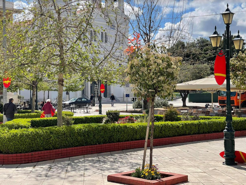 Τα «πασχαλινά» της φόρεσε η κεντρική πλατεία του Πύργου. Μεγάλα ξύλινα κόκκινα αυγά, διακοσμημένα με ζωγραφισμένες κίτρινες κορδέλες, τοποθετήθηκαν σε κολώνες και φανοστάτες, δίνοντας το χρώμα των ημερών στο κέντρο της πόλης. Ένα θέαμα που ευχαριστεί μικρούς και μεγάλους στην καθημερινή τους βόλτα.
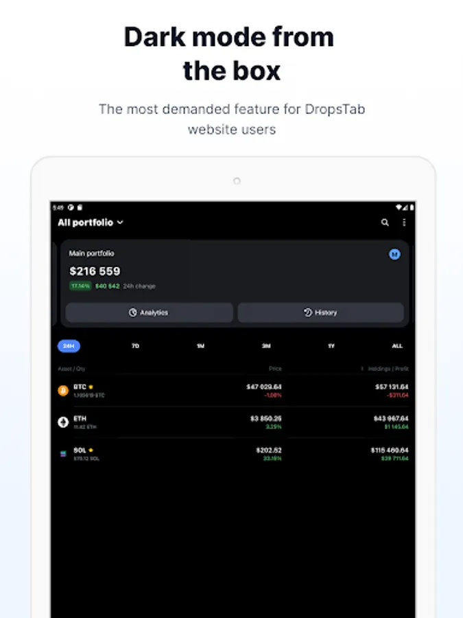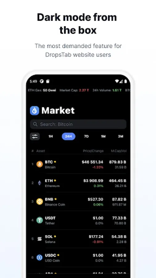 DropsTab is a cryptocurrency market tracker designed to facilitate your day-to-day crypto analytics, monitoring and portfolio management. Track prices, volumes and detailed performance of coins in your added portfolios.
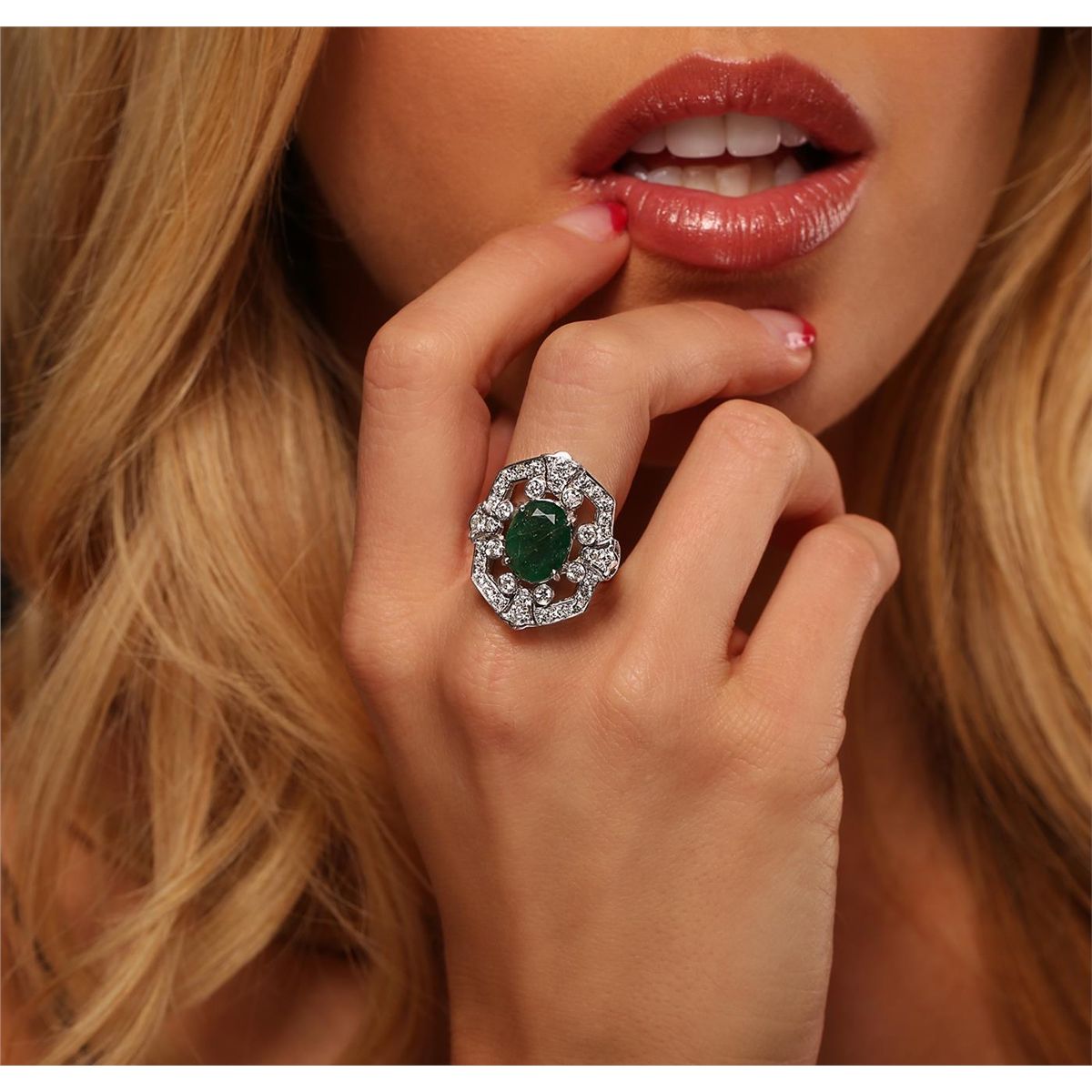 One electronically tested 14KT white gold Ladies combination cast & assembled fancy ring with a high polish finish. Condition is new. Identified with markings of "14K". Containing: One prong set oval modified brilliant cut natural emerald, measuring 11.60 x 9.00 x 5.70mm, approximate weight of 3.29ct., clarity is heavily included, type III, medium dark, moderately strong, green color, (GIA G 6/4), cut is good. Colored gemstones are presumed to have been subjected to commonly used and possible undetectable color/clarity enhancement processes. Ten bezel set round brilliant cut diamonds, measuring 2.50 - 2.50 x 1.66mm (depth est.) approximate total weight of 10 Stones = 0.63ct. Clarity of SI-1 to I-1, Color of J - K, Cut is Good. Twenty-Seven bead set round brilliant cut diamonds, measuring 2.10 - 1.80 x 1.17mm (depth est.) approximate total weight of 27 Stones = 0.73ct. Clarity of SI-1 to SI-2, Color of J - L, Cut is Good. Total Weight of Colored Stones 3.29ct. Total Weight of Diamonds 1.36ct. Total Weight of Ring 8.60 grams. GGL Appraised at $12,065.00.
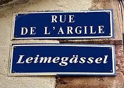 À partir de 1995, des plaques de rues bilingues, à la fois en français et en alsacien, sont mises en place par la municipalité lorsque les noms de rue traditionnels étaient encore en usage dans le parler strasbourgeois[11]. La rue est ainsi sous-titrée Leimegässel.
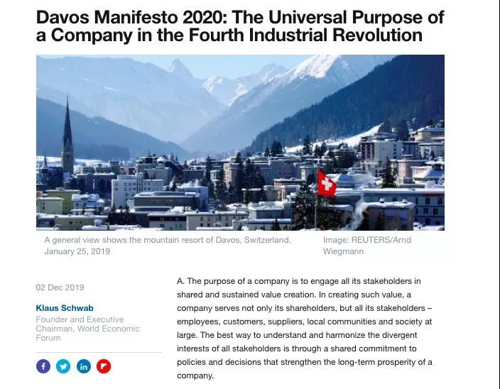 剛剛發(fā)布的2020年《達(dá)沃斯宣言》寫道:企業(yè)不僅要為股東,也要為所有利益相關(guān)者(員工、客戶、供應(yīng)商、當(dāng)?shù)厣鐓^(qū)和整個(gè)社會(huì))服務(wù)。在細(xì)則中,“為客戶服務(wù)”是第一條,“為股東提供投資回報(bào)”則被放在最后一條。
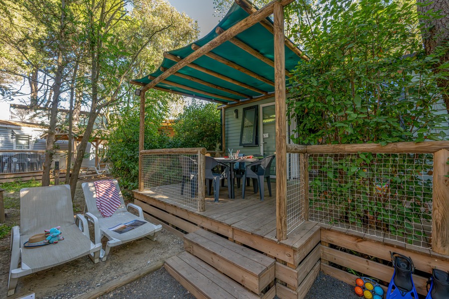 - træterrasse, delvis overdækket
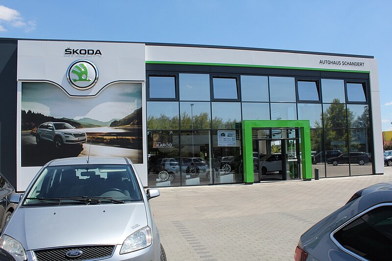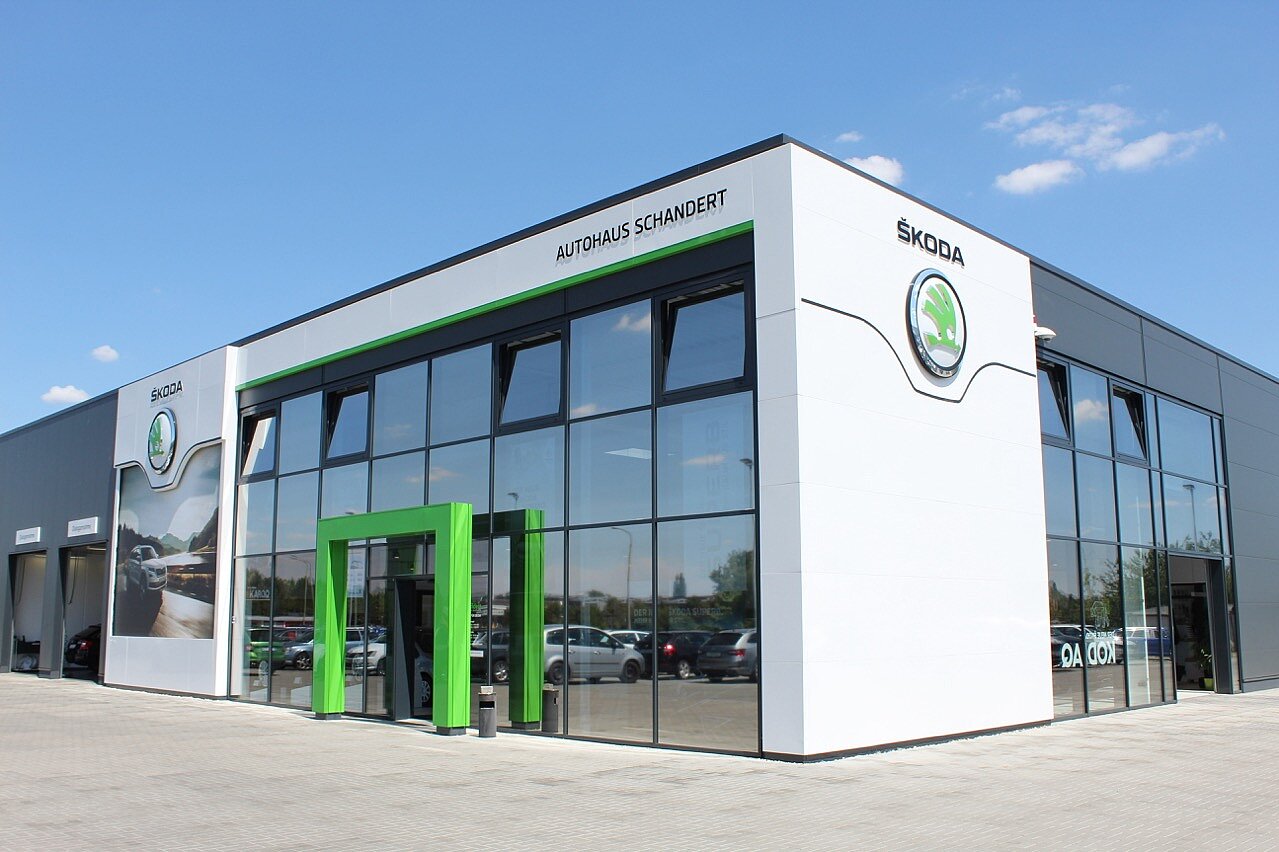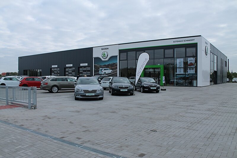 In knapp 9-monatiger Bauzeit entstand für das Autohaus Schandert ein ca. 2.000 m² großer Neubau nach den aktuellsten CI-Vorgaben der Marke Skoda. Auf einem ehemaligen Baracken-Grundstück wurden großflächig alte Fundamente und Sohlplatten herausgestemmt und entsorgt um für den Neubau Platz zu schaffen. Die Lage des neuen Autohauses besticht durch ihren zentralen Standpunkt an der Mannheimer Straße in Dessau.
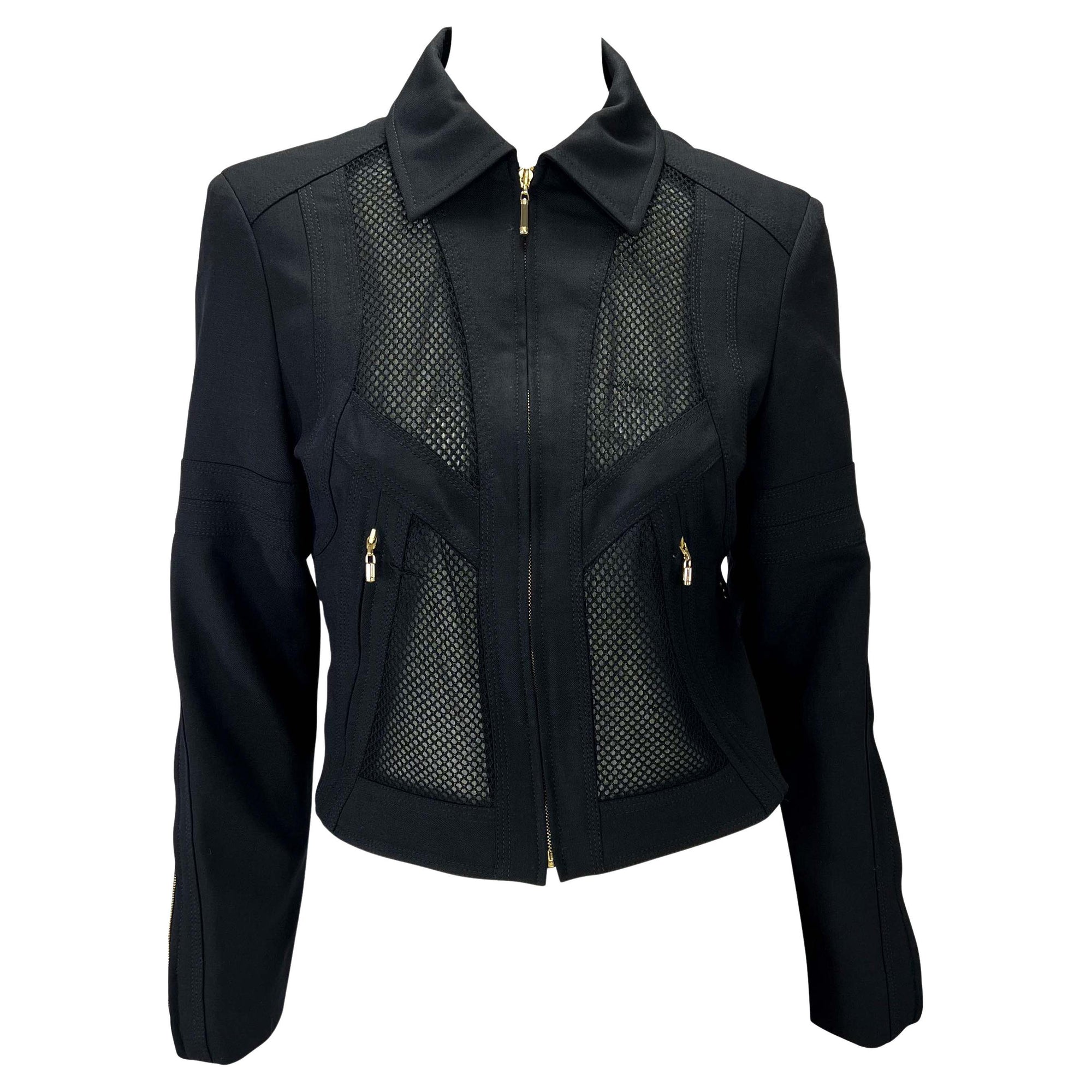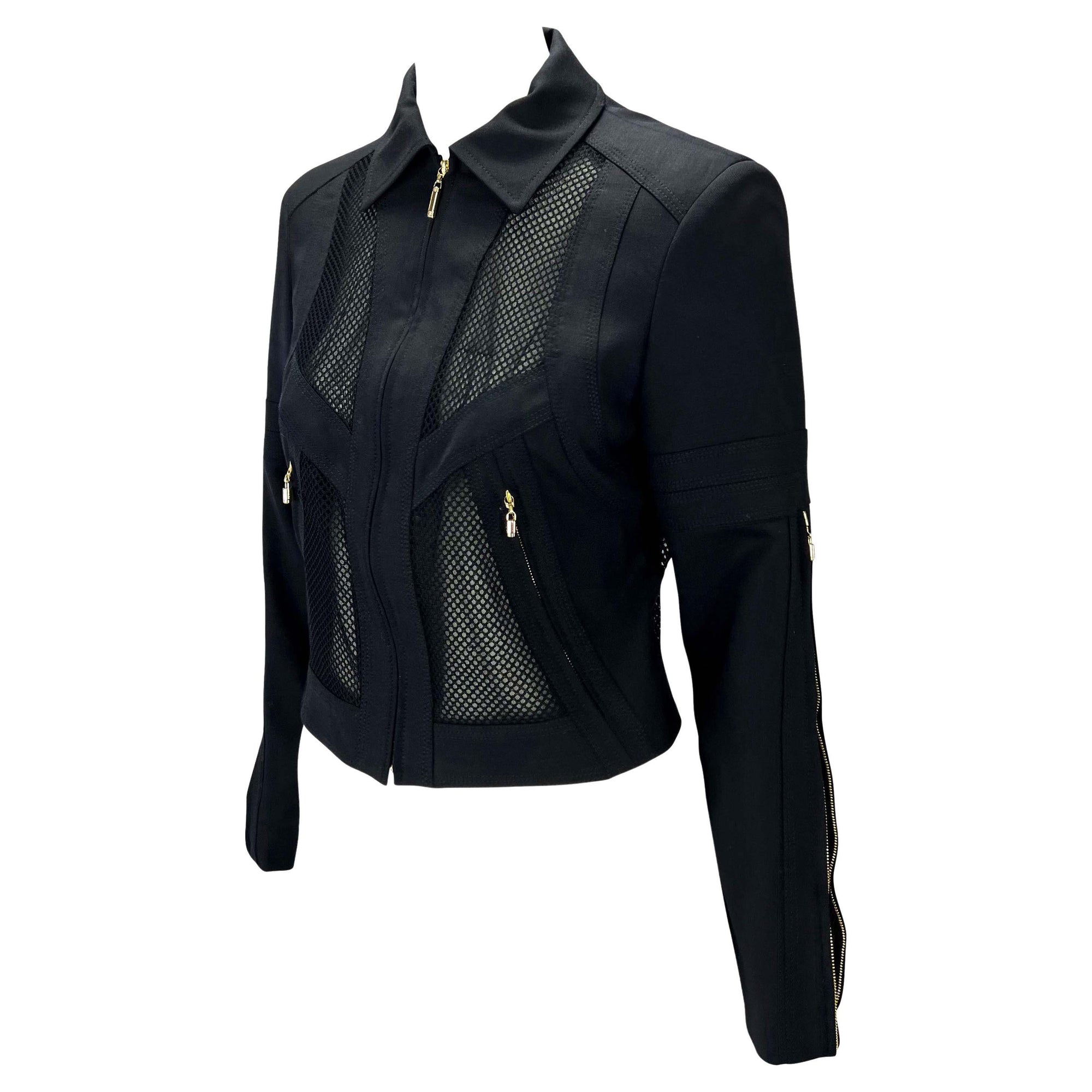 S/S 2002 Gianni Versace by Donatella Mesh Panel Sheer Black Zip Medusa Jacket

Assignment: The expected output is every record above, copied exactly, without pictures.

The completed task:
 Τα «πασχαλινά» της φόρεσε η κεντρική πλατεία του Πύργου. Μεγάλα ξύλινα κόκκινα αυγά, διακοσμημένα με ζωγραφισμένες κίτρινες κορδέλες, τοποθετήθηκαν σε κολώνες και φανοστάτες, δίνοντας το χρώμα των ημερών στο κέντρο της πόλης. Ένα θέαμα που ευχαριστεί μικρούς και μεγάλους στην καθημερινή τους βόλτα.
 DropsTab is a cryptocurrency market tracker designed to facilitate your day-to-day crypto analytics, monitoring and portfolio management. Track prices, volumes and detailed performance of coins in your added portfolios.
 One electronically tested 14KT white gold Ladies combination cast & assembled fancy ring with a high polish finish. Condition is new. Identified with markings of "14K". Containing: One prong set oval modified brilliant cut natural emerald, measuring 11.60 x 9.00 x 5.70mm, approximate weight of 3.29ct., clarity is heavily included, type III, medium dark, moderately strong, green color, (GIA G 6/4), cut is good. Colored gemstones are presumed to have been subjected to commonly used and possible undetectable color/clarity enhancement processes. Ten bezel set round brilliant cut diamonds, measuring 2.50 - 2.50 x 1.66mm (depth est.) approximate total weight of 10 Stones = 0.63ct. Clarity of SI-1 to I-1, Color of J - K, Cut is Good. Twenty-Seven bead set round brilliant cut diamonds, measuring 2.10 - 1.80 x 1.17mm (depth est.) approximate total weight of 27 Stones = 0.73ct. Clarity of SI-1 to SI-2, Color of J - L, Cut is Good. Total Weight of Colored Stones 3.29ct. Total Weight of Diamonds 1.36ct. Total Weight of Ring 8.60 grams. GGL Appraised at $12,065.00.
 À partir de 1995, des plaques de rues bilingues, à la fois en français et en alsacien, sont mises en place par la municipalité lorsque les noms de rue traditionnels étaient encore en usage dans le parler strasbourgeois[11]. La rue est ainsi sous-titrée Leimegässel.
 剛剛發(fā)布的2020年《達(dá)沃斯宣言》寫道:企業(yè)不僅要為股東,也要為所有利益相關(guān)者(員工、客戶、供應(yīng)商、當(dāng)?shù)厣鐓^(qū)和整個(gè)社會(huì))服務(wù)。在細(xì)則中,“為客戶服務(wù)”是第一條,“為股東提供投資回報(bào)”則被放在最后一條。
 - træterrasse, delvis overdækket
 In knapp 9-monatiger Bauzeit entstand für das Autohaus Schandert ein ca. 2.000 m² großer Neubau nach den aktuellsten CI-Vorgaben der Marke Skoda. Auf einem ehemaligen Baracken-Grundstück wurden großflächig alte Fundamente und Sohlplatten herausgestemmt und entsorgt um für den Neubau Platz zu schaffen. Die Lage des neuen Autohauses besticht durch ihren zentralen Standpunkt an der Mannheimer Straße in Dessau.
 S/S 2002 Gianni Versace by Donatella Mesh Panel Sheer Black Zip Medusa Jacket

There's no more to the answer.